In making this finding, the court at no point stated that the burden of proving proximate cause was not on the plaintiff. On the contrary, the court concluded that the evidence had shown that agent's forgery was the proximate cause of the insurer's loss. The court stated: "Smith's signing Chiasson's name was an intentional and a serious infraction causing his principal to be liable in judgment for an extra $295,000."5 Although the Chiasson court reached a result different from the Mathews court or the district court in the case at hand, this result was not based on the application of a different legal standard, but rather on an evidentiary showing of proximate cause.
Though there are no Louisiana Supreme Court cases precisely addressing the issue before this court, every reported case on point contains language to the effect that an agent is liable to an insurer only if the agent's breach causes the loss. In the typical negligence case the burden of proving proximate cause is on the plaintiff, and there appears to be no compelling reason why the burden should be shifted in this setting. We conclude therefore that the district court applied the correct legal standard in requiring CNA to prove that the breach of River Ridge was the proximate cause of its loss.
B. The factual finding.
CNA also argues that the conclusions of fact by the district court are clearly erroneous. The district court found that CNA would have insured the St. Claude Super Market under some form of policy, although it may not have issued a BAP policy. The court based this determination on evidence of CNA's past underwriting history. River Ridge introduced numerous CNA underwriting files where CNA had determined that a risk submitted by an agent and bound under a BAP application did not qualify for the BAP policy, but CNA did not cancel coverage. CNA continued to insure the risks under the BAP until the policies bound by the agents expired. CNA then offered to write coverage for the risks under other programs. Such examples cited by the district court include "All Natural Foods", "Hometown Supermarket", and "Friendly Grocery". The court concluded that, more probably than not, CNA would have treated the St. Claude Super Market risk in a similar fashion.
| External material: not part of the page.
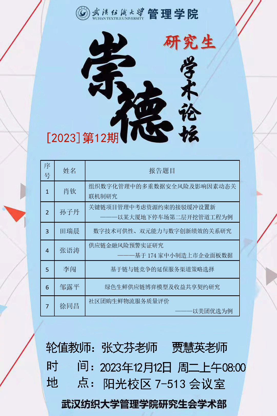 2023第12期研究生崇德“学术沙龙”概览

CNA argues that this factual finding represents clear error. CNA states that "the evidence was uncontradicted that [CNA] would have never insured the property that burned". This is apparently a reference to the testimony of CNA underwriters Mikey Mauldin and Betsy Sullivan, who stated that absent a loss control investigation (which could not be performed after the building burned down) the building would never have been insured. Because a loss control survey could not be performed, CNA argues, the district court's conclusion that CNA would have insured the risk is speculative.
CNA offered no documentation to support the testimony of its underwriters or its position that the building would not have been insured absent a loss control survey. River Ridge, on the other hand, introduced numerous examples of underwriting files where CNA wrote policies before obtaining a loss control survey.6 River Ridge also introduced CNA underwriting files in which CNA continued to insure a risk after a loss control investigation was performed and the risk was determined unsatisfactory.7 This evidence supports the district court's conclusion; it was not speculative, and certainly was not clearly erroneous.
CNA also argues that the district court misinterpreted some of the underwriting files on previous risks that CNA had insured. With regard to "All Natural Foods", for example, CNA asserts that the district court incorrectly determined that the application on its face revealed that the BAP requirements were not met. CNA argues that although the building was more than twenty years old, it had been renovated in 1981. This does not meet the BAP requirements, however, because the application was in 1987, and renovations must have been no more than five years prior. CNA's other arguments in this regard are similarly weak.
In sum, CNA has pointed to no evidence supporting their view that the factual determinations of the district court were clearly erroneous.
III. MONETARY LIMITS ON BINDING AUTHORITY.
CNA argues that River Ridge is liable for all sums paid in excess of $250,000 regardless of the outcome on the first issue. CNA bases this argument on the fact that River Ridge was authorized to bind property coverage up to a $250,000 maximum, and exceeded its authority when it bound the St. Claude property for $550,000. Based on the wording of the agency agreement and the evidence presented at trial, River Ridge was authorized to bind up to $250,000 per property coverage, and was authorized to issue more than one type of coverage per property. This would mean that River Ridge exceeded it authority by only $50,000 because it bound two types of coverage, one of which did exceed the $250,000 limit. Final resolution of this issue is, however, irrelevant.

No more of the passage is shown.